This is the mail archive of the
libc-alpha@sourceware.org
mailing list for the glibc project.
Re: The direction of malloc?
- From: Torvald Riegel <triegel at redhat dot com>
- To: Will Newton <will dot newton at linaro dot org>
- Cc: Siddhesh Poyarekar <siddhesh at redhat dot com>, OndÅej BÃlka <neleai at seznam dot cz>, Adhemerval Zanella <azanella at linux dot vnet dot ibm dot com>, libc-alpha <libc-alpha at sourceware dot org>
- Date: Mon, 16 Dec 2013 18:03:09 +0100
- Subject: Re: The direction of malloc?
- Authentication-results: sourceware.org; auth=none
- References: <52A6A0DA dot 1080109 at redhat dot com> <CANu=Dmi32gwk-hQ3dDbj0d4_gs3FWqt02+NmveXH1p03Vm+Mfg at mail dot gmail dot com> <20131210121622 dot GA5416 at domone dot podge> <52A75502 dot 6040500 at linux dot vnet dot ibm dot com> <20131210210541 dot GA19161 at domone dot podge> <20131211023150 dot GA20835 at spoyarek dot pnq dot redhat dot com> <CANu=DmiTFu59qTgP=3Ks6_biCGvGqnis0++mmZdqX6-1FDWaUg at mail dot gmail dot com>
On Wed, 2013-12-11 at 09:15 +0000, Will Newton wrote:
> On 11 December 2013 02:31, Siddhesh Poyarekar <siddhesh@redhat.com> wrote:
> > On Tue, Dec 10, 2013 at 10:05:41PM +0100, OndÅej BÃlka wrote:
> >> > * Should we provide thread cache blocks to do provide some lockless allocation?
> >>
> >> This is most low-hanging fruit that I aim for. We already use tls to
> >> determine arena so this should not be a issue.
> >>
> >> We have fastbins that sorta do this but with several problems.
> >> 1. They are not really lockless, for malloc they need a lock, only
> >> freeing will be when bug 15073 gets fixed.
> >>
> >> Second problem is that fastbins are per-arena not per-thread which
> >> forces us to use atomic operations. These are expensive (typicaly more than 50 cycles).
> >>
> >> Moving these to per-thread bins mostly just needs refactoring of current
> >> code to one that makes more sense.
> >
> > With arenas-per-thread, you essentially have contention-free access,
> > which is not the same thing as lock-free, but not much worse. You'll
> > have lock contention in per-thread arenas only when there are more
> > threads than arenas, which in the default case means that you have
> > more threads than twice the number of cores, which is too many threads
> > anyway.
>
> Lock contention would be worse, but still the atomic instructions
> required to lock/unlock the arena is the hottest part of the profile
> on many single-threaded malloc workloads.
That is on ARM I suppose?
> If we are going to get a new malloc or update the old one I think the
> fast path being lock-free should be a requirement.

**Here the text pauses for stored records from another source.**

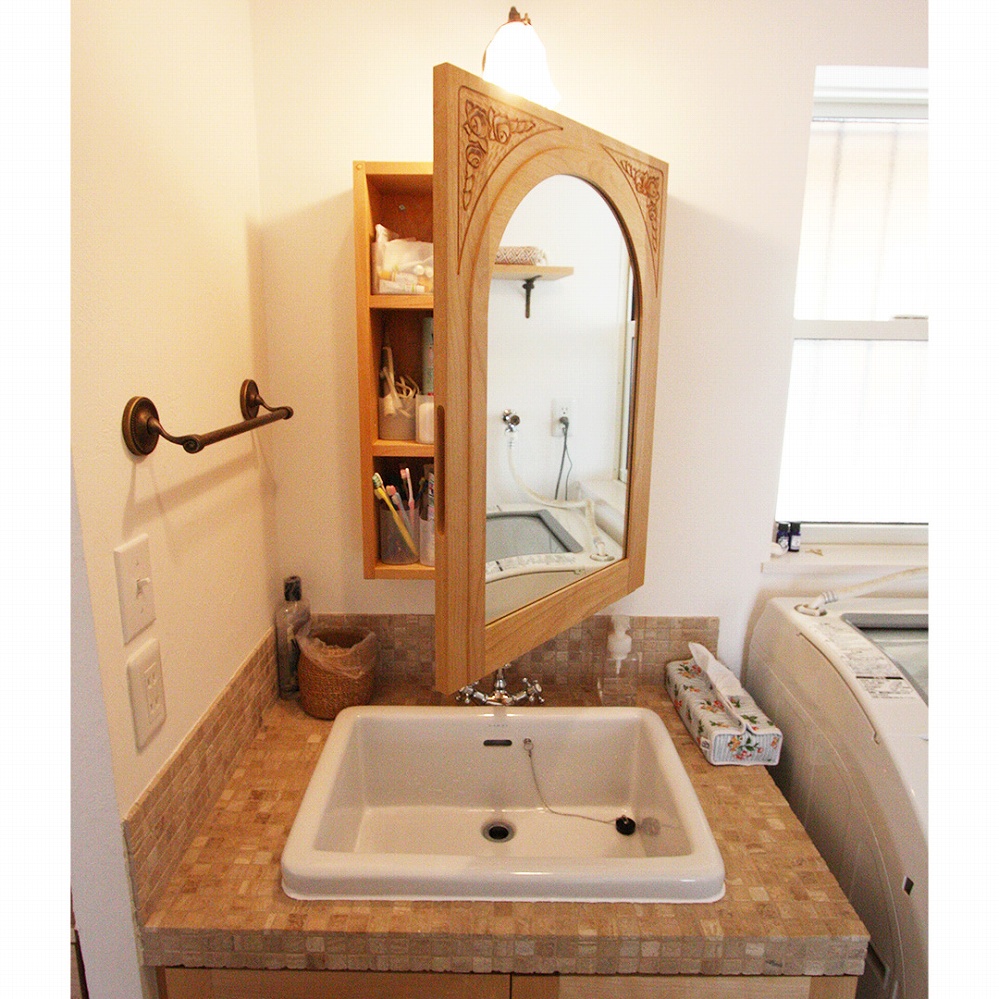 天板には天然のモザイク石を貼ったナチュラルな洗面台です。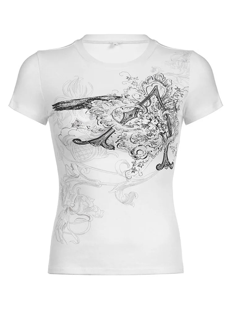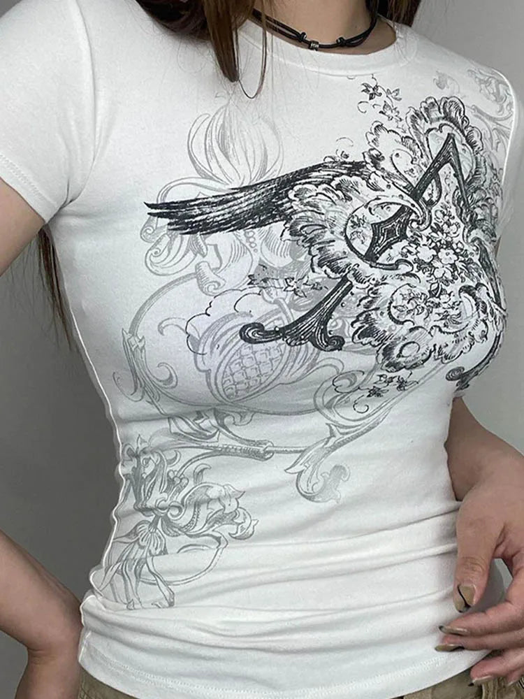 Retro | Top mit kurzen Ärmeln und O-Ausschnitt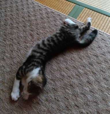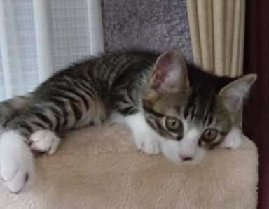 | 里親募集する理由 | 会員が市内の道を「猫いないか」と注意して車で走っていたところ、 路肩に子猫を見つけました。 すぐに駆け付けたところ、輝くような可愛い子が。 初期治療のために病院に行くと後ろ足がだらんとして。 どうやら骨折してしまい、お母さんや兄弟とはぐれてしまったようなのです。 1匹で心細かったことと思います。 左大腿骨複雑骨折とその部位の皮膚剥離縫合。すぐに手術をして、足は無事に治りました。 保護して2か月になりますが、7月半ばに足を固定していたピンを取り、 骨折も無かったかのように、元気に飛び跳ねています。 とても人懐っこく、猫先輩にも慕われるかわいい子です。 元気に走りたい願望があり、超可愛い猫ちゃんです。 そして電気?を消すと「もう寝るのね」って静かに一緒に寝てくれます。 食事もしっかり食べ、うんちもおしっこも毎日しっかり出て育てやすい猫ちゃんで〜す |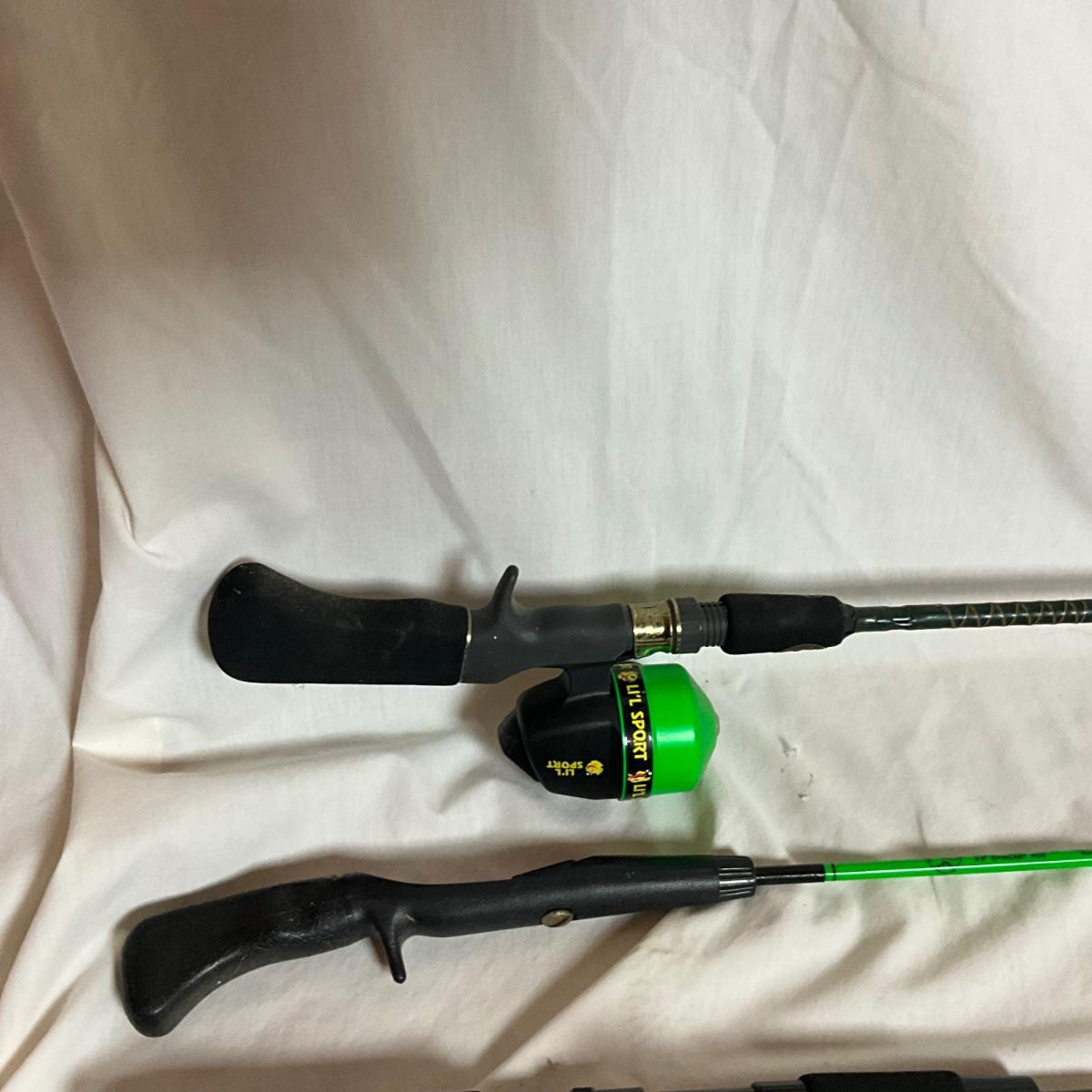 This light includes four fishing rods, three of which have reels and a tackle box.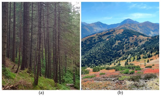 Tatra National Park forest and non-forest communities; (a) spruce forest, (b) a subalpine mosaic. Photos: (a) B. Zagajewski, (b) M. Kluczek.

There's "lock-free", which is a forward progress condition, essentially
stating that independently of what all other threads are doing, at least
one of the concurrent threads will finish the operation in a finite
number of steps.
There's "lock-less", used to roughly state that the code doesn't use
locks (IOW, is nonblocking). If it's still concurrent code, it will
have to use atomic instructions though, and in many cases more of them
than if you'd grab a single lock.
Which one do you mean? Or were you thinking about using nonconcurrent
code by using per-thread data if possible?